Tout à l’opposé il y a l’Espagne qui fait feu de tout bois et compte arriver un accord sans lequel les chantiers de la Galice et de l’Andalousie vont fermer. Le Portugal qui s’est désengagé et a encaissé la subvention européenne associée n’a plus les moyens de concurrencer les espagnols.
Tout au milieu et jouant à l’équilibrisme, il y a la France, qui ne veut pas froisser Madrid et qui n’entend pas mecontenter son allié sahélien dans la lutte contre le terrorisme.
Quant aux eurocrates de Bruxelles, plus au fait des dossiers que les parlementaires européens, ils n’ont qu’une hantise: devoir indemniser la flotte européenne, c’est à dire Espagnole, au cas où celle-ci n’aurait plus accès à ce qui est devenue pour elle et pour les milliers de pêcheurs une colonie flottante.
C’est dans ce contexte que des syndicats espagnols entendent faire pression sur leurs élus qui eux mêmes feront le nécessaire au parlement de Strasbourg pour la situation des droits de l’homme en Mauritanie. Ainsi, la bévue d’un préfet de province de Rosso va être bien négociée.
Ce qui, dans le fond, ne serait pas mal si cela aboutissait à une prise en compte réelle de la question de l’esclavage, interdit en 1981, criminalisé en 2007 mais, toujours, toléré dans certains milieux.
La mise en place d’un calandrier d’élimination de ces séquelles de l’esclavage, en partenariat avec l’ONU, en mars 2014, est jugée minimaliste par les activistes des droits de l’homme qui n’ont de cesse de présenter des cas patents d’esclavage présumé à la justice mauritanienne laquelle n’a prononcé qu’une seule condamnation.
Néanmoins les lignes bougent. Le récent sermon dicté aux imams sur l’ensemble du territoire national et portant sur l’élimination des séquelles est en soi une révolution.
Le “clergé” mauritanien, conservateur et méfiant des idées venant de l’Occident, a toujours évité ce thème sensible qui trouve même un fondement juridique dans une confusion auto-entretenue de la lecture et de l’interprétation des grands jurisconsultes musulmans.
Bref, espérons que cette question des droits de l’homme ne soit pas une monnaie d’échange dans des négociations qui s’annoncent compliquées. Après le pétrole contre nourriture qui a fait des ravages en Irak, allons-nous imposer aux mauritaniens de livrer la sardine en échange d’un blanc seeing sur les droits de l’homme?

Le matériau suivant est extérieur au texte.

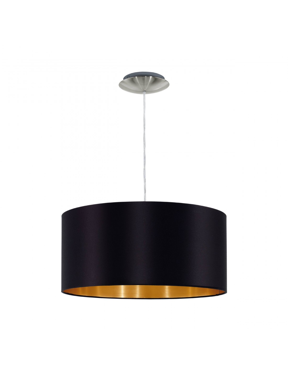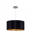 La sospensione MASERLO del brand EGLO presenta una struttura in metallo finitura nichel opaco con rosone rotondo, filo regolabile e paralume da Ø38 cm in tessuto nero con interno color oro.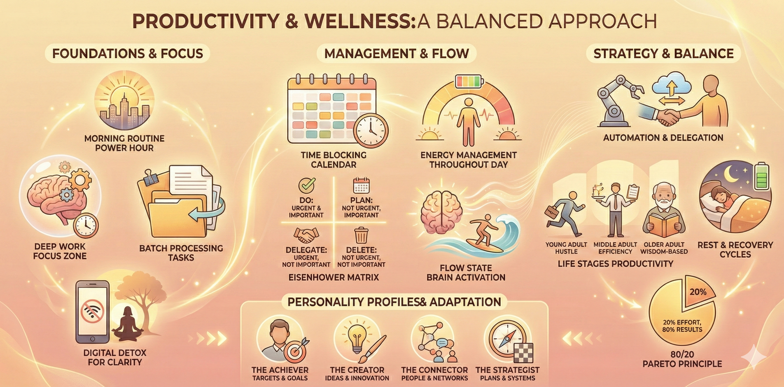 Imagine completing your hardest work by noon, feeling energized rather than exhausted. Picture yourself entering a state of complete focus where time disappears and creativity flows. That's not fantasy—that's productivity aligned with wellbeing.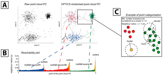 (A) Example of the raw dataset required to individualize the different clusters representing the different rockfall sources. (B) The OPTICS (ordering points to identify the clustering structure) density-based clustering algorithm allows classification according to the reachability distance or neighbor radius. (C) The classification allows attributing each point as a border or core point. Moreover, the OPTICS algorithm allows the identification of outlier points to remove.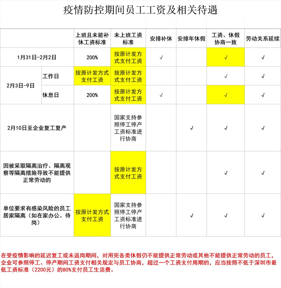 在2月3日至9日(廣東省延遲復工期間),未復工的,企業(yè)按照勞動合同約定的標準支付工資;安排職工工作的,應當依法支付工資。其中,企業(yè)在休息日安排工作又不能安排補休的,按照不低于職工本人日或小時工資標準的200%支付工資。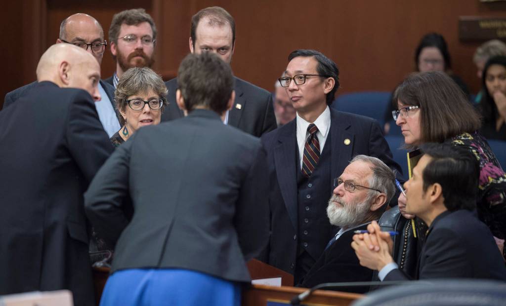 Michael Penn | Juneau Empire  Members of the House Majority Caucus speak to each other during a break in debate on the House education bill at the Capitol on Wednesday.

Pour en revenir à l’accord, précisons que les signataires s’étaient heurtés à une divergence d’interprétation sur la date d’entrée en vigueur. Nouakchott défendait comme point de départ le 1er août 2012, jour de la signature, alors que Bruxelles préférait retenir la date de ratification par le parlement européen, intervenue en décembre 2012.
Pour le renouvellement du protocole, les 2 parties ont mené trois (3) rounds de négociations infructueuses. Elles se sont heurtées au montant annuel de la contre partie financière européenne qui était de 114 millions d’euros pour une flotte de 110 navires autorisée à pêcher 300.000 tonnes dans l’accord précédent, rapport auquel Bruxelles réclame une révision à la baisse. Les bateaux composant cette flotte sont essentiellement espagnols.

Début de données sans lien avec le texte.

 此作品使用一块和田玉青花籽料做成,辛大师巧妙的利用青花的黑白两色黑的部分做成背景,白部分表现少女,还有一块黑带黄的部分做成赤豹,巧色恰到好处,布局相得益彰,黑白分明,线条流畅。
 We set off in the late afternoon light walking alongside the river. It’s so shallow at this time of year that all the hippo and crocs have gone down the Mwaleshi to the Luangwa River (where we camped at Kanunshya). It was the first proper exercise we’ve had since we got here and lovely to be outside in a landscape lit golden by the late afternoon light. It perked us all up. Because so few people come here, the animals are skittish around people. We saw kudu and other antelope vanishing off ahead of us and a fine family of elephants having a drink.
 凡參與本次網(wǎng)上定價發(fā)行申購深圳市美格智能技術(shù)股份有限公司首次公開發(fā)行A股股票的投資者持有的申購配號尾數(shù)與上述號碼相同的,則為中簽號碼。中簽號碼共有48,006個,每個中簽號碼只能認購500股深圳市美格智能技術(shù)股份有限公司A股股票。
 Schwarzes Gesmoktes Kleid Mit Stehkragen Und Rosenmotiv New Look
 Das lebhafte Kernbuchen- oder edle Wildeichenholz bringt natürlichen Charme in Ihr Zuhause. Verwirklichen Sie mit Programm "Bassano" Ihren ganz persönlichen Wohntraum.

L’accord 2012/2014 avait été présenté comme «historique car permettant à la fois la satisfaction des besoins européens et la préservation des ressources halieutiques nationales au profit de la pêche artisanale».

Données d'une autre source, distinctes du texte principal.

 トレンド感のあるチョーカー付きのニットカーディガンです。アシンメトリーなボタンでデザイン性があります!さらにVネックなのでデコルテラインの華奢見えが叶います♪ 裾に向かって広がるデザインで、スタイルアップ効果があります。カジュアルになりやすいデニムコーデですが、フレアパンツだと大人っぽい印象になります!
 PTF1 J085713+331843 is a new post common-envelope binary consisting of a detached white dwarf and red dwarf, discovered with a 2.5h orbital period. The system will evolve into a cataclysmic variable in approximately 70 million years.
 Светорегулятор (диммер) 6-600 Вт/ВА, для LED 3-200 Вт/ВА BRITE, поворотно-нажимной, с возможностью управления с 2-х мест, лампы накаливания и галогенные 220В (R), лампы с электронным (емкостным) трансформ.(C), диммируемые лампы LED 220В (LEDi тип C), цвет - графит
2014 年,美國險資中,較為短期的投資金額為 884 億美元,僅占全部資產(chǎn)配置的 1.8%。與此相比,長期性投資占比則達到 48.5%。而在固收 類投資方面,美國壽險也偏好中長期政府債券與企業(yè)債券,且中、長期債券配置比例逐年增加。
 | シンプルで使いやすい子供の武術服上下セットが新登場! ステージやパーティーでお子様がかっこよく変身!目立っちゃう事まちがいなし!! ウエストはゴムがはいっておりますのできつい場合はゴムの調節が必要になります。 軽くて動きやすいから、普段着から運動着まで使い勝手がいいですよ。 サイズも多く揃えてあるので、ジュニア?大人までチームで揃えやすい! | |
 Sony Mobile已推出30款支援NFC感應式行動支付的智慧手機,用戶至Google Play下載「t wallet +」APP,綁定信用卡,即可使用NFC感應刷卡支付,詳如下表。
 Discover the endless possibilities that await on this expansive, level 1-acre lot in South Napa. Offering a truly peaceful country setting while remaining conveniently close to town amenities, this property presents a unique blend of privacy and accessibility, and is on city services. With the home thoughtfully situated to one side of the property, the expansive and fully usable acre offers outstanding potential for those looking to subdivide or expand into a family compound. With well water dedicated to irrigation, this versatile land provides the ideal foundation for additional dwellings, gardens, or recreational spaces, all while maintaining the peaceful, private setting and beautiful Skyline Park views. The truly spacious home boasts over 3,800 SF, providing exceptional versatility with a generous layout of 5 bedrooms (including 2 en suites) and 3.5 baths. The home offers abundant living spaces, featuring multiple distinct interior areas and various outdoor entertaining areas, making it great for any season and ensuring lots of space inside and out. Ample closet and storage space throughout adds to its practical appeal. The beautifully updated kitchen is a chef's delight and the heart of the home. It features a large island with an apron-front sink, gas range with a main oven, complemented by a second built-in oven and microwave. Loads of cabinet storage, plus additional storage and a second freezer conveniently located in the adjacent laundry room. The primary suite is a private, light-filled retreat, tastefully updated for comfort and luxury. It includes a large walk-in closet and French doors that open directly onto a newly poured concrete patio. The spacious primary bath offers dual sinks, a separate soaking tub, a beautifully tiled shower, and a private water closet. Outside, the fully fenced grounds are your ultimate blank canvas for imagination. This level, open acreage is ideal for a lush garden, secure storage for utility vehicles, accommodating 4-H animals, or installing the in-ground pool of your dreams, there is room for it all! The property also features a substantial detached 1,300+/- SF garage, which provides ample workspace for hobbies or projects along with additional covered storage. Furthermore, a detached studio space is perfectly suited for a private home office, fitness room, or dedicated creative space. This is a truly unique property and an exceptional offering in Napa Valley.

A noter que dans les grandes négociagions sur le climat, l’Espagne qui met en avant ses avancées sur l’économie verte reste muette sur les pratiques d’une vieille flotte polluante qui pêche avec des filets souvent non réglementés. A moins que le souci environnemental ne soit pas le même chez les ibères et chez les bougnouls?